Task details
In the copy, include exactly the lines from the one with "- Bước 2: Rót" through the end of the data and no others, both ends kept, with every picture left out.
Data excerpts below:
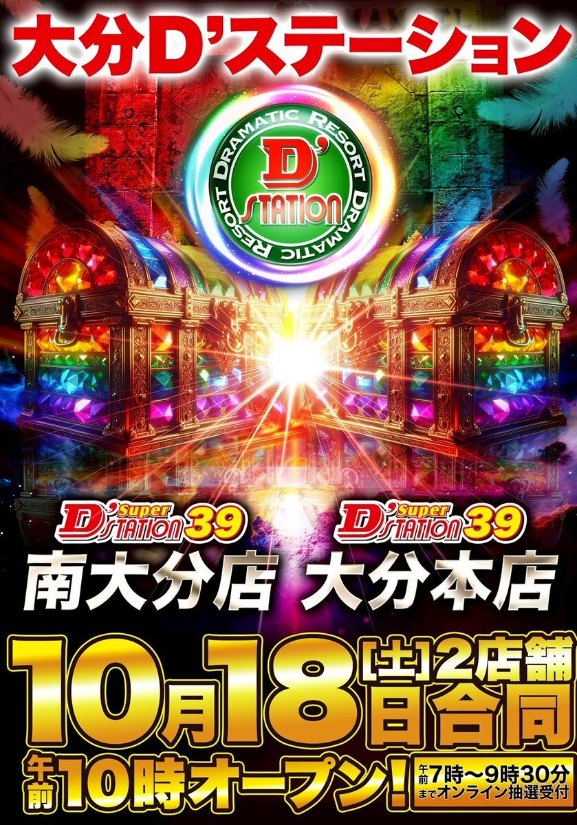 明日18日[土曜日]は! 月イチ恒例✨️ 『大分D'ステーション       2店舗合同』 2,000台規模で挑む週末👍 ↓過去の傾向や当日の模様は  随時、コチラからチェック p-town.dmm.com/free_pages/214… #スロット #パチンコ #DMM #スロセレ #Dステ南大分 #合同 pic.x.com/SgZ1gxHXqi
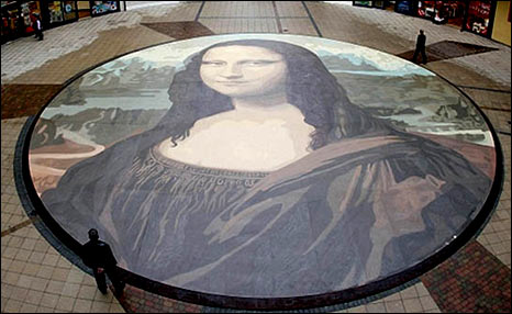 據(jù)英國廣播公司報道,這個全民參與的藝術(shù)作品可謂世界上最大的蒙娜麗莎肖像。該地區(qū)上百名民眾都加入到了這個藝術(shù)項目中來。這幅巨大的乙烯肖像占地面積達240平方米,是掛在巴黎盧浮宮博物館那幅原作的50倍之大,可以容納22輛倫敦的公共汽車。
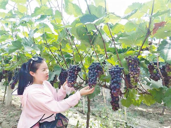 7月14日,沈丘县卞路口乡的一个生态采摘园里,一串串紫玛瑙般的葡萄挂满枝头。近年来,该乡利用“临207省道、离县城近”的交通优势,鼓励农民成立种植专业合作社,发展黄金梨、蜜桃、葡萄等水果采摘产业,采取“党支部+合作社+农户”的发展模式,带动群众增收致富。图为一名游客正在采摘葡萄。黄海涛 摄
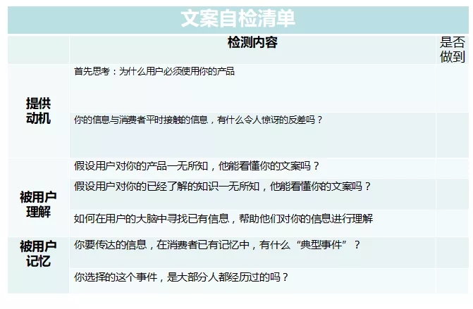 第三步,通过自检清单,对成型的文案进行优化以及梳理
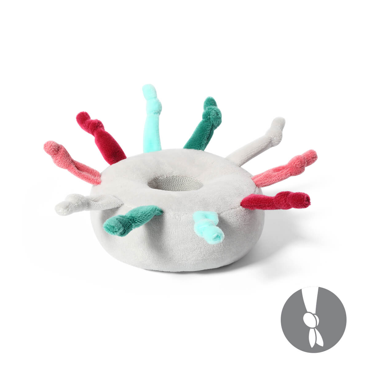 - MIĘKKIE GRYZAKI - Dołączony do zabawki miękki silikonowy gryzak koi podrażnione dziąsła podczas ząbkowania.
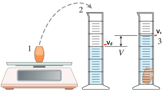 - Bước 2: Rót nước vào ống đong, thể tích nước đo được ban đầu là Vđ. Sau đó, thả vật vào ống đong, thể tích nước và vật rắn đo được là Vs.
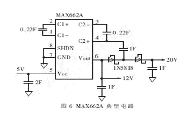 在HMC1055芯片上,置位/復(fù)位片的引腳名稱(chēng)是S/R+和S/R-,沒(méi)有極性的區(qū)別,單個(gè)置位/復(fù)位帶標(biāo)準(zhǔn)阻值為2.0Ω,所以對(duì)于三軸系統(tǒng),三個(gè)金屬片串聯(lián)阻值為6.0Ω,則產(chǎn)生一個(gè)3~4A的最小脈沖驅(qū)動(dòng)一個(gè)6Ω的負(fù)載所需的供電電壓為18V~24V。由于系統(tǒng)芯片都是使用5V電源,所以需要將5V電壓升壓到20V左右,可以使用MAX662來(lái)完成。典型的電路如圖6所示。
End of Data excerpts.
Solved problem
 - Bước 2: Rót nước vào ống đong, thể tích nước đo được ban đầu là Vđ. Sau đó, thả vật vào ống đong, thể tích nước và vật rắn đo được là Vs.
 在HMC1055芯片上,置位/復(fù)位片的引腳名稱(chēng)是S/R+和S/R-,沒(méi)有極性的區(qū)別,單個(gè)置位/復(fù)位帶標(biāo)準(zhǔn)阻值為2.0Ω,所以對(duì)于三軸系統(tǒng),三個(gè)金屬片串聯(lián)阻值為6.0Ω,則產(chǎn)生一個(gè)3~4A的最小脈沖驅(qū)動(dòng)一個(gè)6Ω的負(fù)載所需的供電電壓為18V~24V。由于系統(tǒng)芯片都是使用5V電源,所以需要將5V電壓升壓到20V左右,可以使用MAX662來(lái)完成。典型的電路如圖6所示。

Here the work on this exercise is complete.